# Converting a boat to utility trailer



## 71 Fish

Seems I'm trailer poor with Jet Skis and boats and hated to add to the collection but need another now for a trencher. Had a free day yesterday and decided to convert a small boat trailer I had to a small utility trailer for this. After squaring it off by cutting the front and moving it to the back I realize that I should have just added triangles to the front (if you know what I mean). Lot more work but it will be OK.


----------



## chucktx

looks good!! how heavy is the trencher??


----------



## 71 Fish

800 lbs



chucktx said:


> looks good!! how heavy is the trencher??


----------



## axespino

*Trailer*

Is the axle a little to far forward?


----------



## Poppahobbs

*Trailer Design*

I with the privious poster if the braces are an even distance apart the axle is to forward. I'm just going by the picture but if anything the axle should be a few inches behind the rear center brace to give you a bit extra tongue weight. Of course as I said I'm just working from what I'm seeing in the pictures but other than that the layout looks very good.


----------



## 71 Fish

It's adjustable (the axle/spring mounts slide on the frame). I will position it to get the correct tounge weight once the trailer is finished and with the equipment loaded. However, it may wind up a little more forward than usual to give me a better loading angle (it's a tilt trailer). Thanks for the comments.


----------



## nightgigger

Good Job, But do you list it as a home built? Not much left of the original.


----------



## 9121SS

Just keep in mind if the axle is to far forward the trailer will fish tail on you.


----------



## RayAM2007

*trailer*

I have some galvanized 3x3 box beam for tounge.

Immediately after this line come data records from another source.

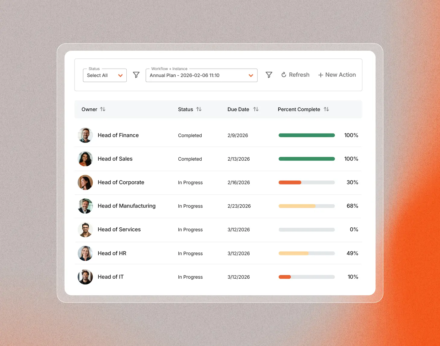Bridge the execution gap with built-in accountability that tracks specific actions, owners, and impact in real time.
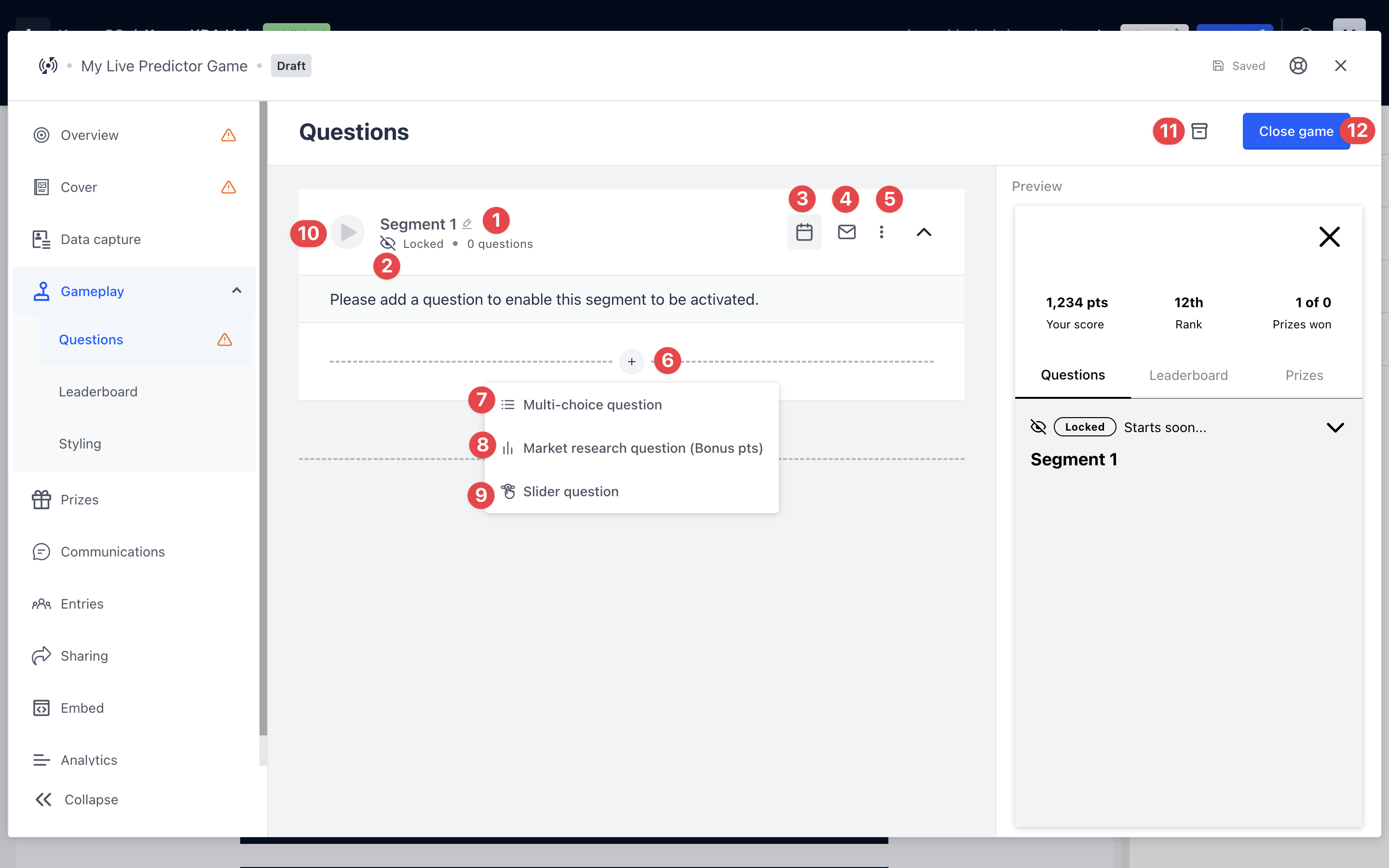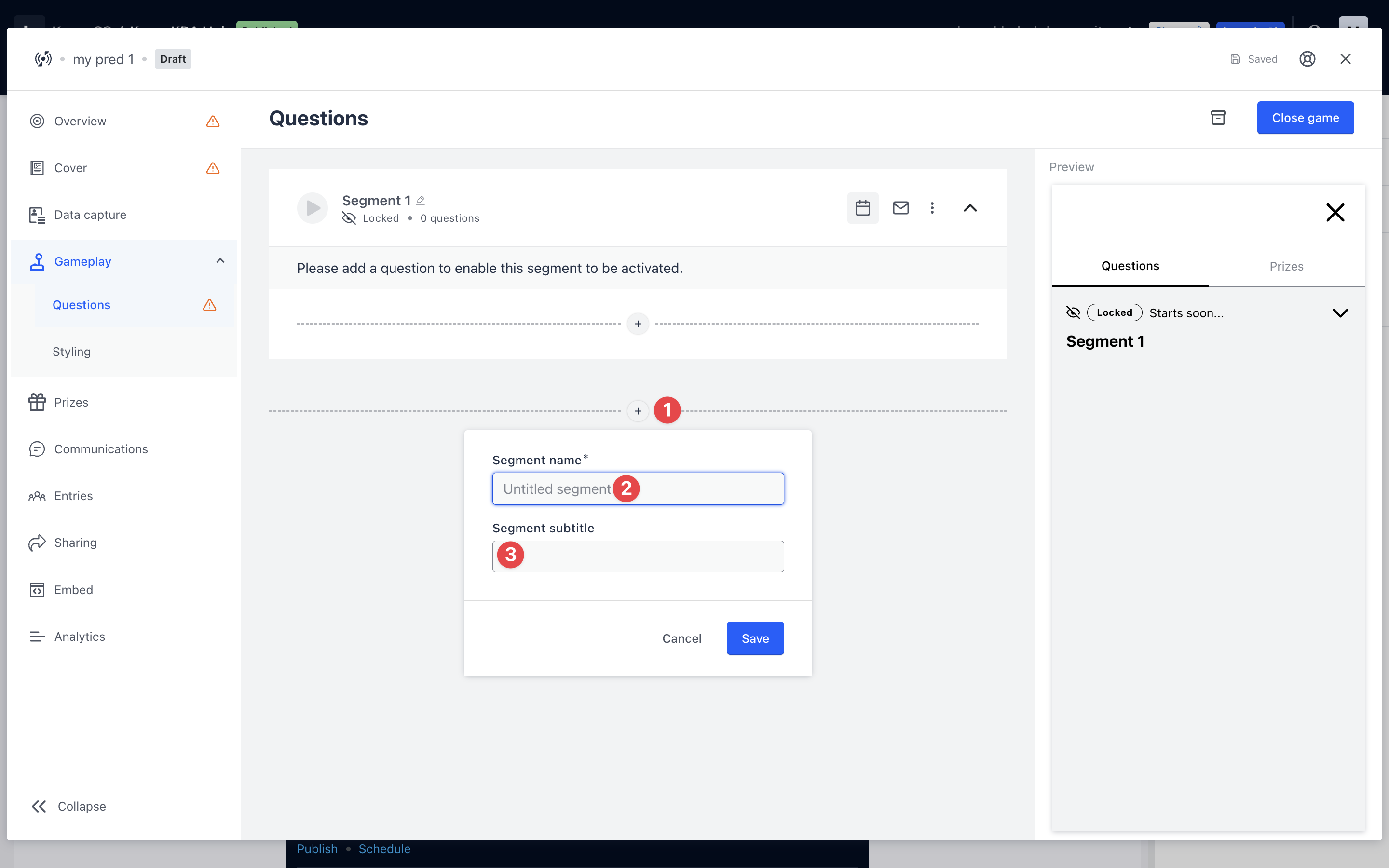 - Remember to close segments as particular games or events end. You can manually close segments or schedule them to close on a certain day and time. This is to prevent users from predicting questions that have already occurred.
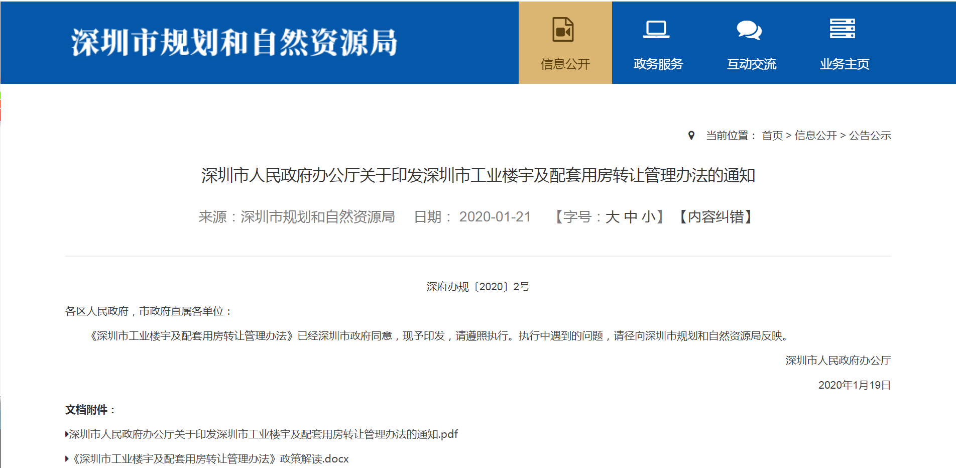見圳客戶端·深圳新聞網(wǎng)2020年1月21日訊(見圳客戶端、深圳新聞網(wǎng)記者潘潤華)為進一步減輕企業(yè)負擔,改善營商環(huán)境,推動產(chǎn)業(yè)轉(zhuǎn)型升級,深圳出新政取消工業(yè)樓宇及配套用房轉(zhuǎn)讓增值收益、完善轉(zhuǎn)讓規(guī)則!1月21日,記者從深圳市規(guī)劃和自然資源局獲悉,《深圳市工業(yè)樓宇及配套用房轉(zhuǎn)讓管理辦法》(以下簡稱《管理辦法》)經(jīng)深圳市政府同意正式印發(fā)?!豆芾磙k法》規(guī)范了工業(yè)樓宇及工業(yè)配套用房受讓人資格條件、強化了產(chǎn)業(yè)監(jiān)管、設定了過渡政策。據(jù)悉,《管理辦法》自2月1日起施行,有效期5年。
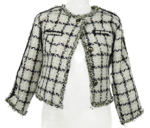 Dámský bílo-černo-zlatý kostkovaný kabátek
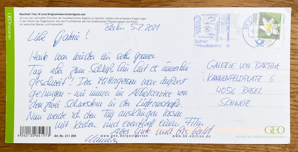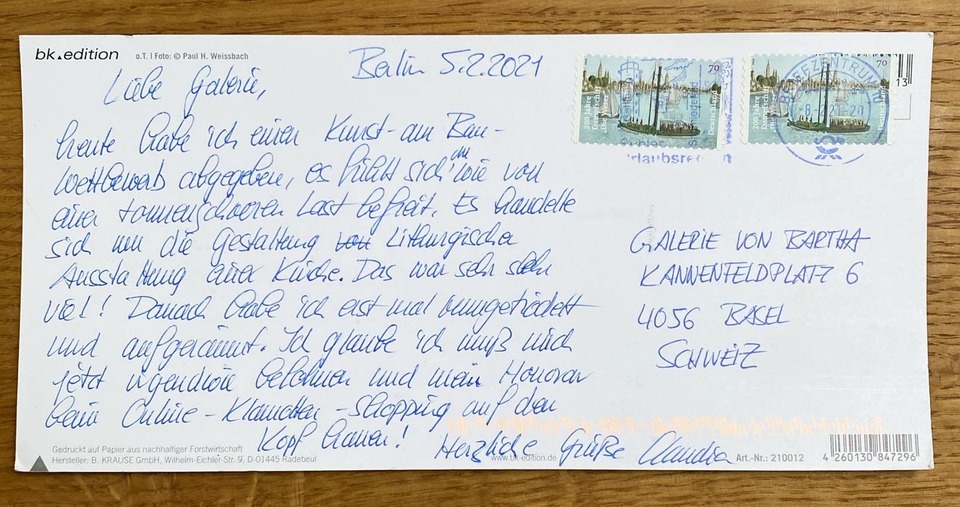 All the way from Berlin came these two jewels from artist Claudia Wieser. As Claudia is a cat and animal lover, we think these two cards are utterly fitting. We are also reminded to work more on our handwriting when we look at these exemplary lines! In case you don’t understand German, Claudia told us about her days in Berlin – how, for example, she submitted an on-site art competition and what a relief that was, and her intention to treat herself by spending some money on online shopping. As we’ve been doing the same during lockdown, we think this is only fair.

anywhere from 5 - 8 ft === $3 lf

in Alvin 281-331-0845


----------



## redman71

Expanded metal or wood on the deck?


----------



## 71 Fish

I misplaced my camera for a couple of months and did not get inbetween pictures but got it rolling. I estimate it to be a 1000 to 1200lbs loaded and with about 100lbs on the tounge it towed very easily. It loads easy and I'm happy that I don't have to tote ramps. The trailer was from my first boat but I never used the tilt feature. I will put some Rustoleum on it to finish it off.


----------